Work item -
For this listing, the lines between the one holding "성북구청 담당자, 지역" and the one holding "Грозденце, благодаря ти", inclusive, must be set down exactly.

Data records -
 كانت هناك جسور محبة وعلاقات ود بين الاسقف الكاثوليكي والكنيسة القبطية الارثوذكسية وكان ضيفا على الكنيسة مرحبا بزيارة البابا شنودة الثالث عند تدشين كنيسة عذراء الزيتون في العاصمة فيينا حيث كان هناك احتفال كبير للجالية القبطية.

---

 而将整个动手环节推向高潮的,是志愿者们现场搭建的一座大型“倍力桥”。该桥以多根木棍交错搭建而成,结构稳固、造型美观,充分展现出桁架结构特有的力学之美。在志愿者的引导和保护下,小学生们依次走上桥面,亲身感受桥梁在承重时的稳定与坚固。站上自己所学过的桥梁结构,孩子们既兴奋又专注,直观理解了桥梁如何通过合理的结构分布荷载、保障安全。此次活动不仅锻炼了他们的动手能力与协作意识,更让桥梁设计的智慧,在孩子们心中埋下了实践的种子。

==

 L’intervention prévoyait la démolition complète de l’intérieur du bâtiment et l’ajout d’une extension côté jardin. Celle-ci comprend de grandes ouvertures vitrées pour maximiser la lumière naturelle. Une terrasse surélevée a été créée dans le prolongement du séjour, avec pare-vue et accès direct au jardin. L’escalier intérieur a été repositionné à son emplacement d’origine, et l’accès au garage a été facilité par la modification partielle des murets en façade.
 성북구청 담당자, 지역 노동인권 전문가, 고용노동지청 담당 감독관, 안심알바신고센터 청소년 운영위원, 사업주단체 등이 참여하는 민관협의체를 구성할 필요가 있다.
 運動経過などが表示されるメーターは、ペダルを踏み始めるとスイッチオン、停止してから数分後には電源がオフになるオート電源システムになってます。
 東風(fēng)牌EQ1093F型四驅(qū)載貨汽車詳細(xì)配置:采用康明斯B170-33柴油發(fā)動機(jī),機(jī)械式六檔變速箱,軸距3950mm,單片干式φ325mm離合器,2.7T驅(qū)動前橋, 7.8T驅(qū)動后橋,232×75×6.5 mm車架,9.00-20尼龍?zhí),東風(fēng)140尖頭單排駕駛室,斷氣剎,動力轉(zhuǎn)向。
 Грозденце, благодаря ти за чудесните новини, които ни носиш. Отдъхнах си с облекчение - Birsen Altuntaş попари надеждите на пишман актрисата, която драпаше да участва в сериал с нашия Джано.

Completed exercise -
 성북구청 담당자, 지역 노동인권 전문가, 고용노동지청 담당 감독관, 안심알바신고센터 청소년 운영위원, 사업주단체 등이 참여하는 민관협의체를 구성할 필요가 있다.
 運動経過などが表示されるメーターは、ペダルを踏み始めるとスイッチオン、停止してから数分後には電源がオフになるオート電源システムになってます。
 東風(fēng)牌EQ1093F型四驅(qū)載貨汽車詳細(xì)配置:采用康明斯B170-33柴油發(fā)動機(jī),機(jī)械式六檔變速箱,軸距3950mm,單片干式φ325mm離合器,2.7T驅(qū)動前橋, 7.8T驅(qū)動后橋,232×75×6.5 mm車架,9.00-20尼龍?zhí),東風(fēng)140尖頭單排駕駛室,斷氣剎,動力轉(zhuǎn)向。
 Грозденце, благодаря ти за чудесните новини, които ни носиш. Отдъхнах си с облекчение - Birsen Altuntaş попари надеждите на пишман актрисата, която драпаше да участва в сериал с нашия Джано.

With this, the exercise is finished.